Bennett, who says he’s successfully petitioned the FDA before, is with the South Carolina College of Pharmacy and the Southern Network on Adverse Reactions (SONAR).

He said he’s been analyzing the effects of Levaquin and other fluoroquinolones for three years.

Bennett said thousands of people have reported psychiatric side effects to the FDA. He also pointed to a 2013 FDA review of six different fluoroquinoles, including Levaquin, that raised the possibility of mitochondrial toxicity.

Click here to read the review. (Mitochondrial toxicity is discussed on pages 11-12)

The ABC15 Investigators have also learned that full studies are underway at the University of California – San Diego and University of Rochester to look into these side effects.

Experts: Overuse Leads to Added Risk

Jenny Frank is part of the fight to add new warnings to the label.

“There’s no reason why anyone should have to go through this if there are safer antibiotics that could be used,” she said. “This should be a last resort. Not a first line of defense.”

It’s a feeling shared by Dr. Ray Woosley, founder of CredibleMeds and a medication safety expert. He believes Levaquin and other fluoroquinolones are overprescribed.

“The FDA put out a call two years ago that says don’t overuse these drugs, but they continue to be overused,” Woosley said. “It’s like the wild west out there.”

Here’s an example: During the anthrax mail attacks in 2001, victims were prescribed the fluoroquinolone Ciprofloxacin.

“They are very potent antibiotics,” Woosley said. “We can’t take them off the market. We have got to have them available for whom they are lifesaving.”

But Woosley said that’s also why these antibiotics should not be prescribed for things like sinus infections or strep throat – like in Jenny Frank’s case.

But it happens every day and millions of times a year, adding major risk to the treatment of minor conditions, Woosley said.

“You are using antibiotics that aren’t going to do any good and they are only going to do harm,” he said. “There are numerous studies showing the harm, and there’s no question about it.”

Last year, the FDA added a warning to fluoroquinolone labels for nerve damage.

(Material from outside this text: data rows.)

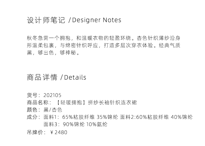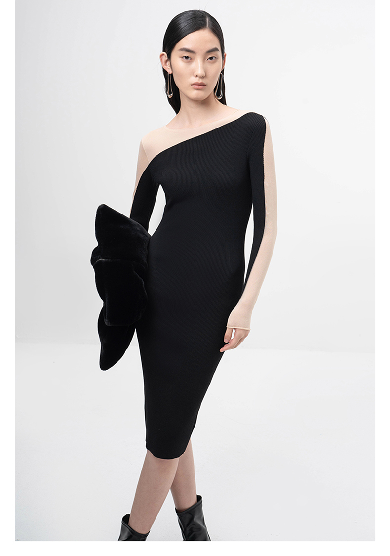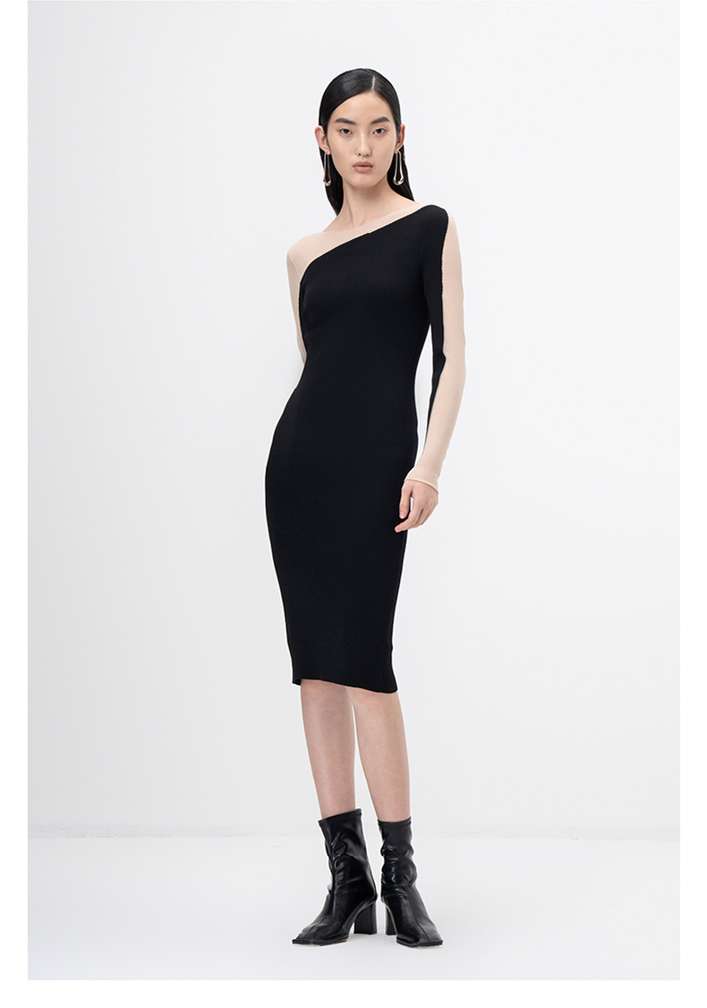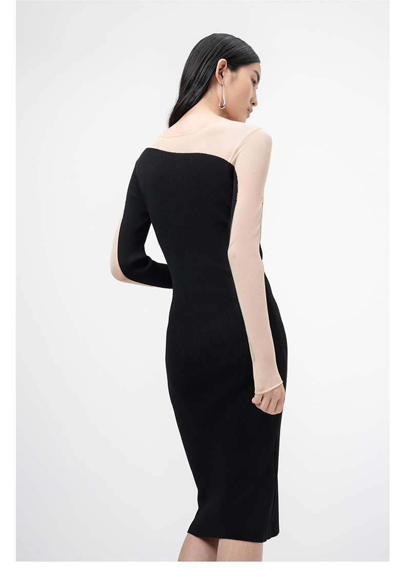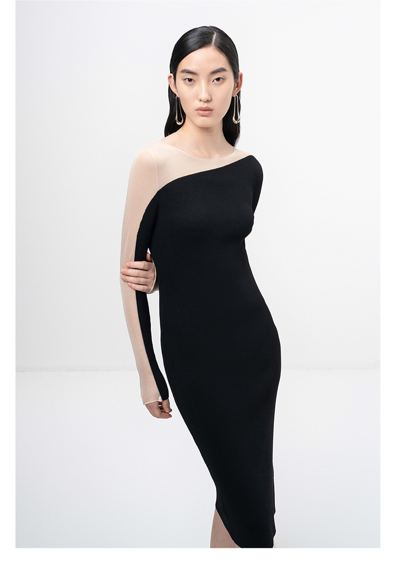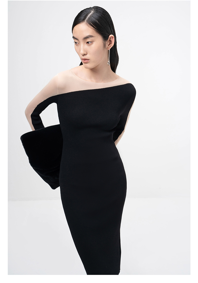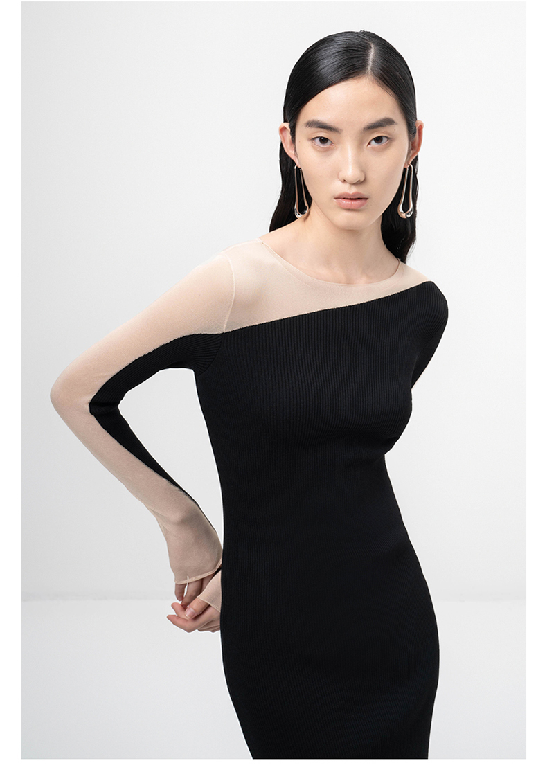 【轻暖拥抱】流畅曲线黑色拼纱长袖针织连衣裙/202105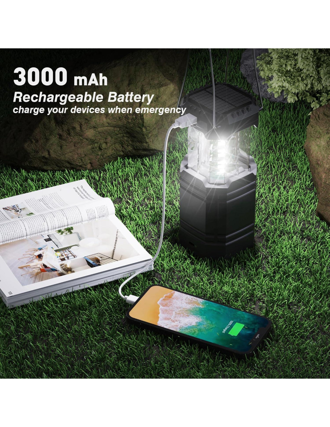 - Componentes incluidos: 1 x Linterna de Camping, 1 x Cable de Carga USB, 1 x Manual del Usuario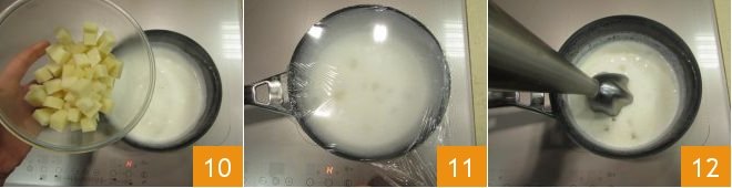 Continue cooking for about 1 minute while stirring, then add the pecorino cubes 10. Now you can turn off the heat and cover the saucepan with plastic wrap 11; let it infuse for about 5 minutes. After this time, blend the mixture with an immersion blender 12 until you obtain a smooth and homogeneous fondue. The consistency will be rather liquid; you will need to wait for the starches to work to make it creamier and thicker.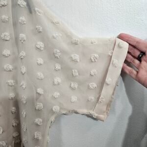 Kirundo Babydoll Textured V-Neck Short Sleeve Sheer Dress Size Large Cream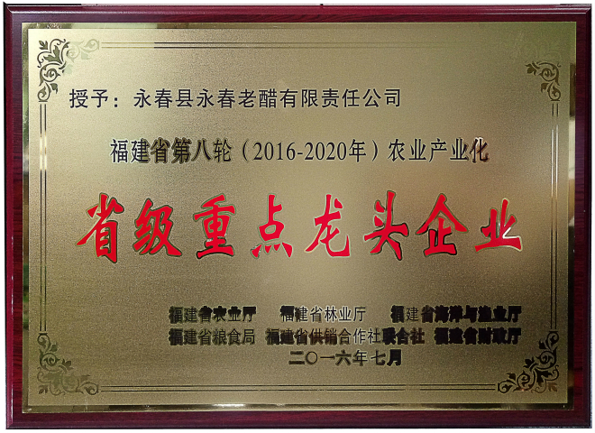 熱烈慶祝永春老醋公司入選“福建省第八輪農(nóng)業(yè)產(chǎn)業(yè)化省級(jí)重點(diǎn)龍頭企業(yè)達(dá)標(biāo)名單”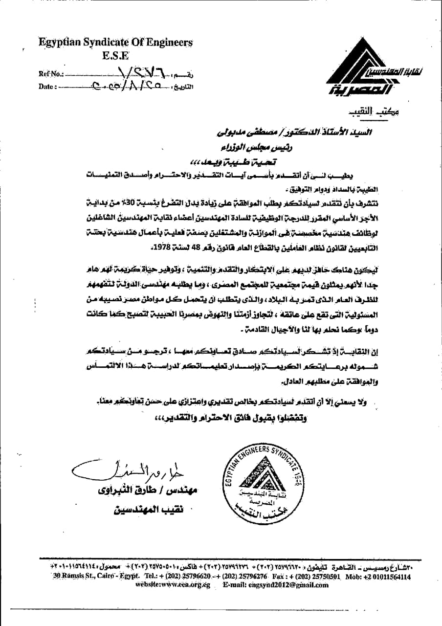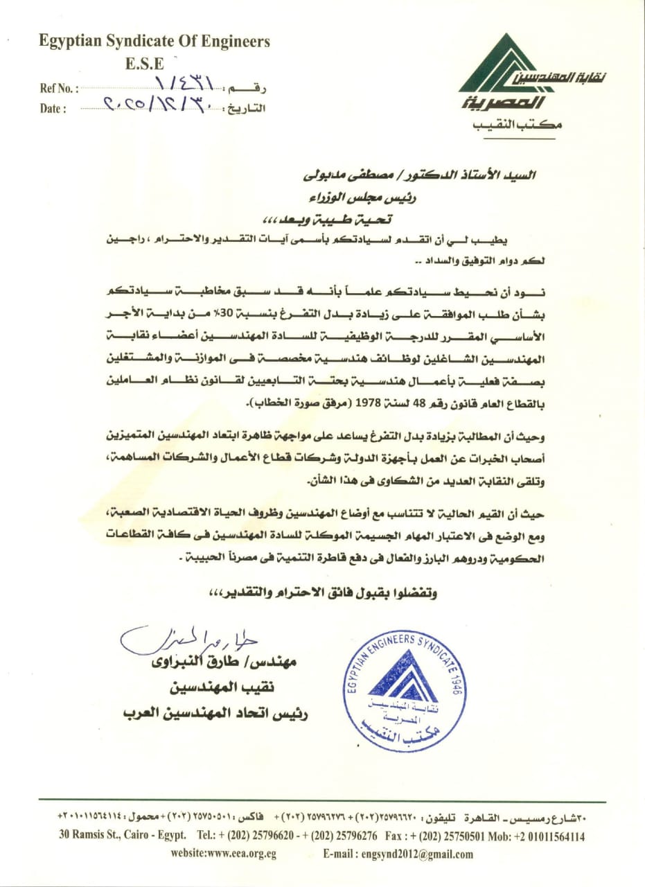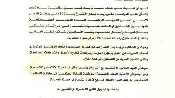 خاطب المهندس طارق النبراوي- نقيب المهندسين ورئيس اتحاد المهندسين العرب، مجددًا، الدكتور مصطفى مدبولي رئيس مجلس الوزراء، بشأن زيادة بدل التفرغ بنسبة 30% من بداية الأجر الأساسي المقرر للدرجة الوظيفية للمهندسين من أعضاء النقابة، الشاغلين لوظائف هندسية مخصصة في الموازنة، والمشتغلين بصفة فعلية بأعمال هندسية بحتة، والخاضعين لأحكام قانون نظام العاملين بالقطاع العام رقم 48 لسنة 1978، وذلك استكمالًا للمخاطبات السابقة في هذا الشأن.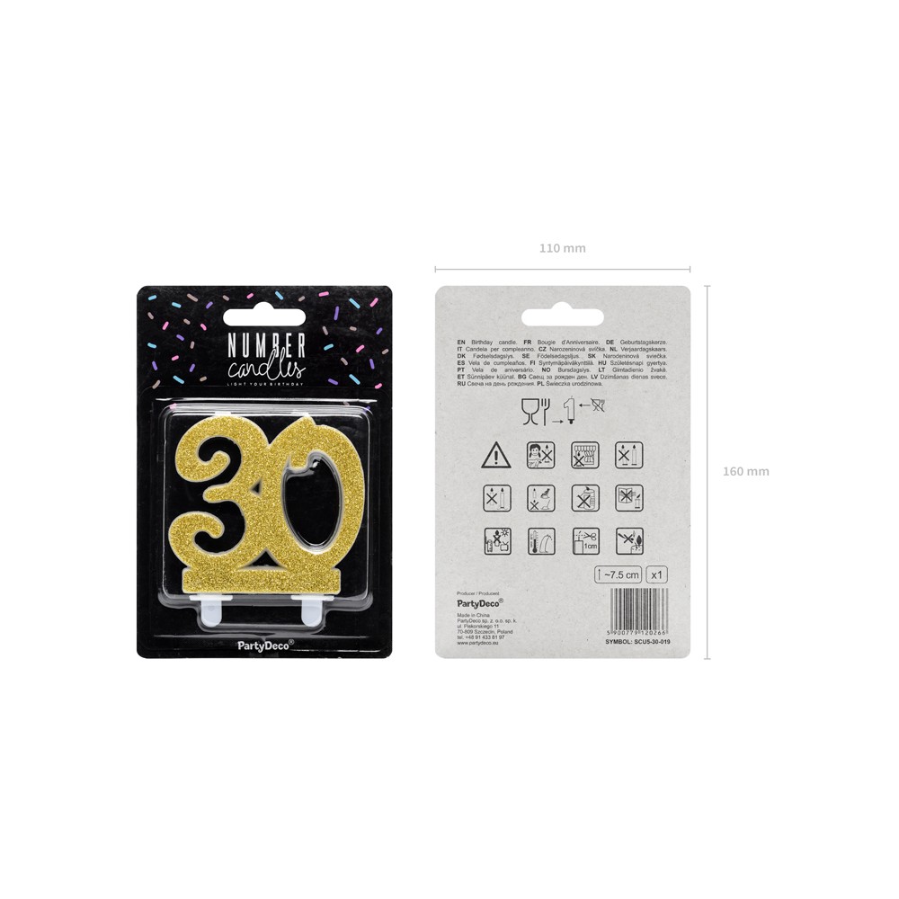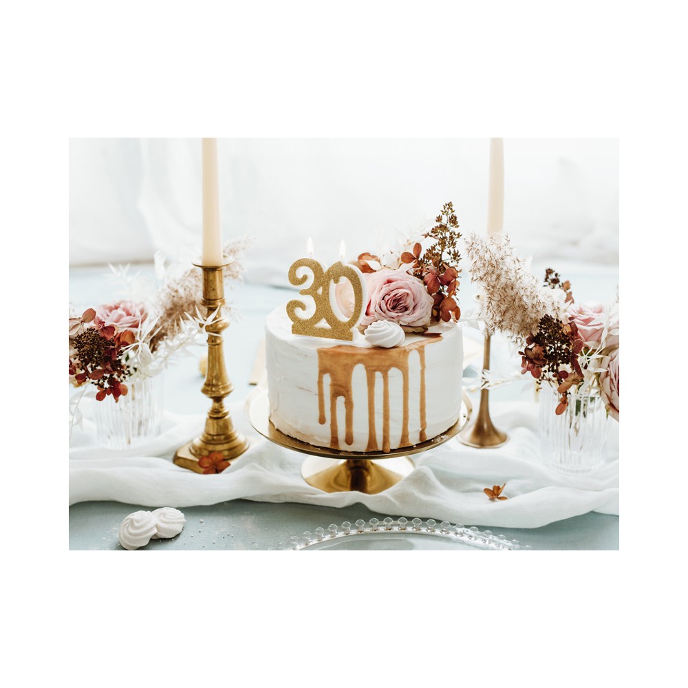 Una candelina per torta sagomata a forma di numero trenta per decorare la torta per la tua occasione.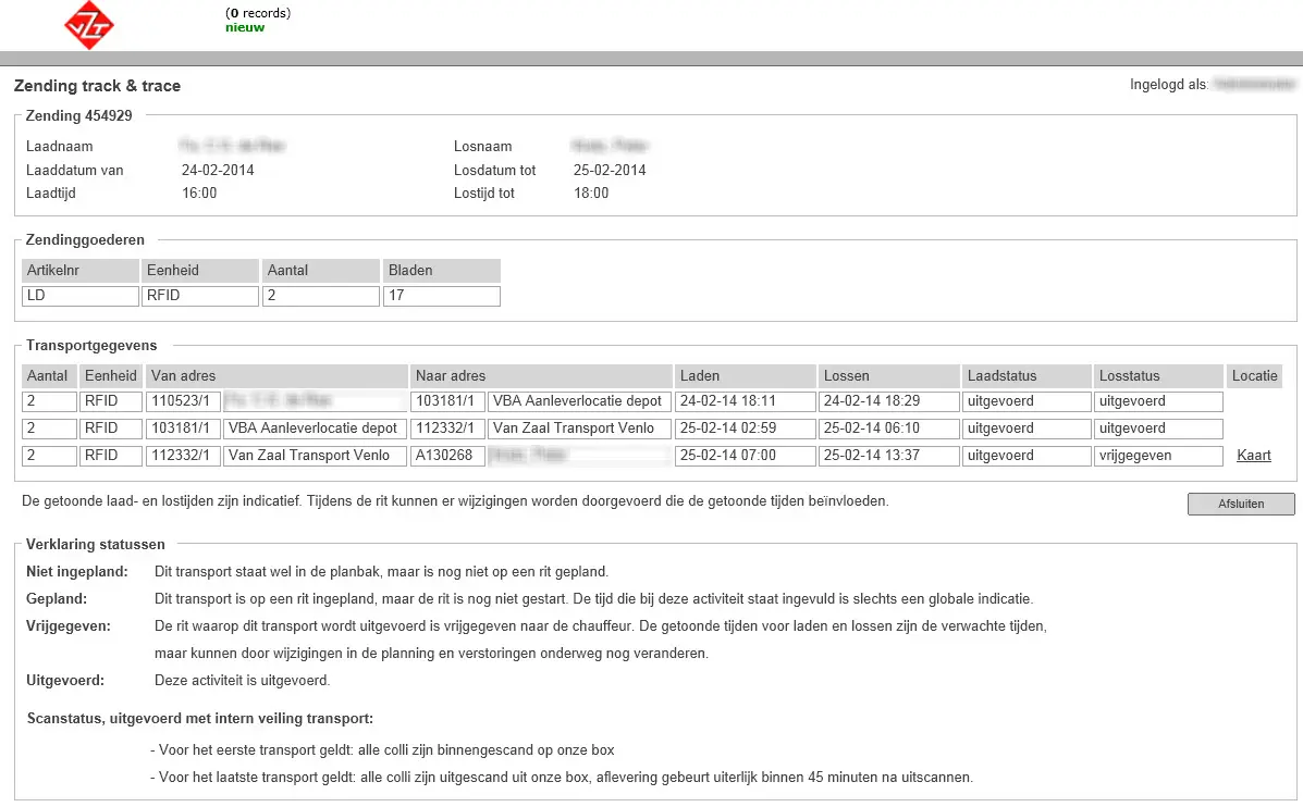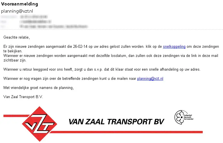 Gelijktijdig met NaviTrans implementeerde Van Zaal in 2012 ritplanningssysteem ORTEC Routing & Dispatch (voorheen TD) en Transics boordcomputers. De 50 eigen wagens zijn uitgerust met een TX-MAX, terwijl alle charters werken met de TX-SMART app. Uit deze drie systemen haalt Van Zaal de informatie voor een gedetailleerd statusoverzicht voor klanten. “Elke klant krijgt dagelijks een mail met de orderbevestiging en een link”, vertelt Van Zaal. Deze link geeft toegang tot het statusoverzicht, dat laat zien hoe laat de order is ingevoerd, gepland, afgehaald, gecrossdockt, gependeld van veiling naar veiling en afgeleverd bij de klant. Ook de eindontvanger krijgt een mail met link. Van Zaal: “Per dag sturen we één overzicht waarin staat welke leveringen van welke opdrachtgevers hij die dag van ons krijgt en hoe laat hij die kan verwachten.”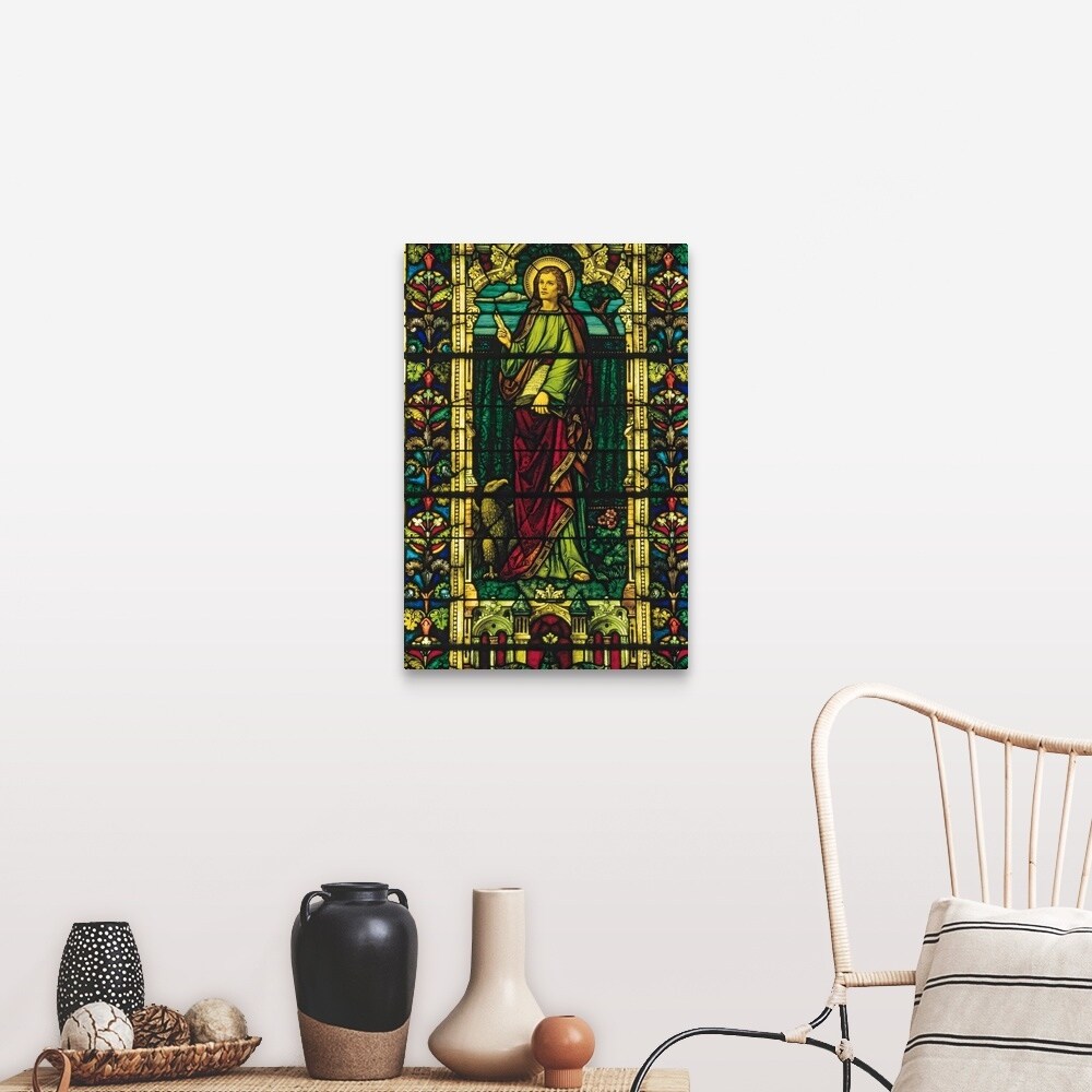 "St. John Depicted in Stained Glass Window" Canvas Wall Art
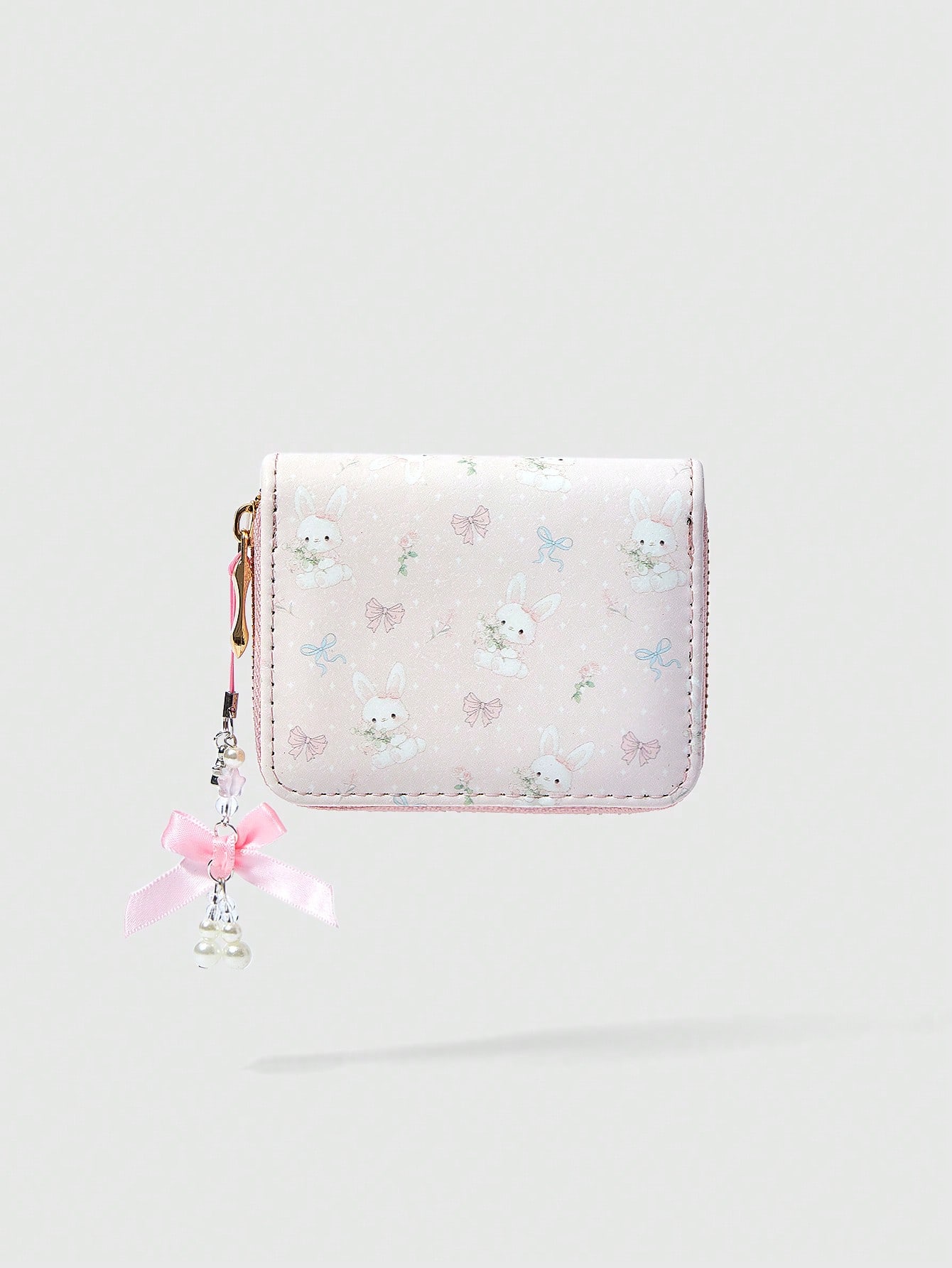 Kawaii 1pc Rabbit & Bow Pattern Allover Print Compact Wallet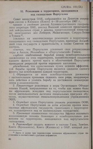 Девятая очередная сессия Совета министров. CM/Res. 101 (IX). Резолюция о территориях, находящихся под господством Португалии. Киншаса, 4-10 сентября 1967 г. // «OAU Secretariat. Resolutions adopted by the Council; of Ministers at Its Ninth Ordinary Session and approved by the Fourth Ordinary Session of the Assembly of Heads of State and Government», Addis Ababa, 1967.

In 2008, the FDA forced a black box warning because it can cause tendons to snap.

A black box warning is the highest action the FDA can take before pulling a medication off the market.

“Most people, if they knew it could have affected them, they wouldn’t have taken it,” Woosley said.

Just ask Jenny Frank.

She took eight of the 10 pills of her Levaquin prescription. She said every dose is one of regret.

“If someone said to me that you could go back in time and change one thing, I would not fill this prescription and take these pills.”

FDA and Levaquin Respond

A spokesperson for the Food and Drug Administration sent the ABC15 Investigators the following statement.

We have received the citizen petition and will respond directly to the petitioner after we review. The citizen petition and any comments on it can be found here:!docketDetail;D=FDA-2014-P-0856  .

We like to view drug labels as living documents. We work with companies to regularly update them as new safety or efficacy information becomes available.”

Janssen Pharmacueticals, the maker of Levaquin, also sent a statement.

We are aware of the Citizen Petition and we are evaluating it.

LEVAQUIN® (levofloxacin) Tablets is part of an important class of anti-infective prescription medications that have been used for more than 20 years to treat infections, including those that may be serious or life threatening. When used according to the product labeling, LEVAQUIN® has been proven to be a safe and effective medication.

Ever since it was first approved by the FDA in 1996, the LEVAQUIN® label has included warning information. You can find the current LEVAQUIN® Medication Guide for patients here:  , and the full U.S. prescribing information, including boxed warning, here:

All adverse event reports Janssen receives are evaluated and reported to the FDA, including reports received for these conditions.